Speaking at the TechLines forum discussing the future of email, IBM general manager Lotus Software and WebSphere Portal Alistair Rennie said that just fiddling with current email platforms wasn't going to meet market needs.
Written by Suzanne Tindal, Contributor

Speaking yesterday at the TechLines forum discussing the future of email, IBM general manager Lotus Software and WebSphere Portal Alistair Rennie said that just fiddling with current email platforms wasn't going to meet market needs.

Alistair Rennie

Alistair Rennie with Intel's Genevieve Bell on the panel (Credit: Suzanne Tindal/ZDNet Australia)

Although the inbox was important to people's lives and it wasn't going away, it needed to change, and that change shouldn't just be a facelift, according to Rennie.

"Our view is that the world is not going to prosper by moderate tweaks in email," he said.

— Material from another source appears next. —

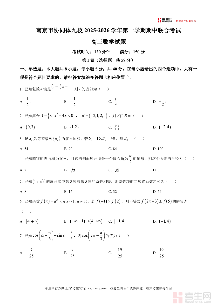 《精品解析:江苏省南京市协同体九校2025-2026学年高三上学期期中联考数学试题(原卷版)》是一份聚焦江苏省南京市高三期中复习阶段的权威真题资料,核心定位为区域协同命题下的标准化测试资源。主要内容覆盖复数运算、集合关系、等差数列求和、圆锥表面积与侧面展开图计算、二项式系数分析、函数单调性与零点问题、三角函数图象性质、概率统计应用、立体几何证明与空间夹角求解、数列通项推导与求和等高三数学核心知识模块;题型结构严格匹配江苏高考命题规范(单选题8道40分、多选题3道18分、填空题3道15分、解答题5道77分),特色亮点在于整合九校教学资源与区域备考重点,题目设置兼顾基础巩固与能力选拔,能精准折射当前高三数学教学的核心导向与联考命题趋势。

New concepts were needed to make the platform more accessible for business processes and introduce social-networking and analytical elements, he said.

Filters have lagged behind people's needs, according to Rennie, which can end in emails being lost.

Earlier he had talked about the need for filtering mechanisms, which put email into context, helping people prioritise what's in their inbox.

In the morning, there might be 200 emails in an inbox, he said, but what's important might be the sixtieth email.

He believed that systems need to be intelligent enough to be able to put that email at the front for the user.

"What's important to me fist thing Monday morning is going to be different to Friday night," he said, adding that people needed to be able to set account profiles and time profiles, making their inbox tuneable and trustable.

However, he admitted that there might be many different ways for people to want to use their email. "Us telling people the best way to collaborate is crazy." He said that people should be given tools to experiment.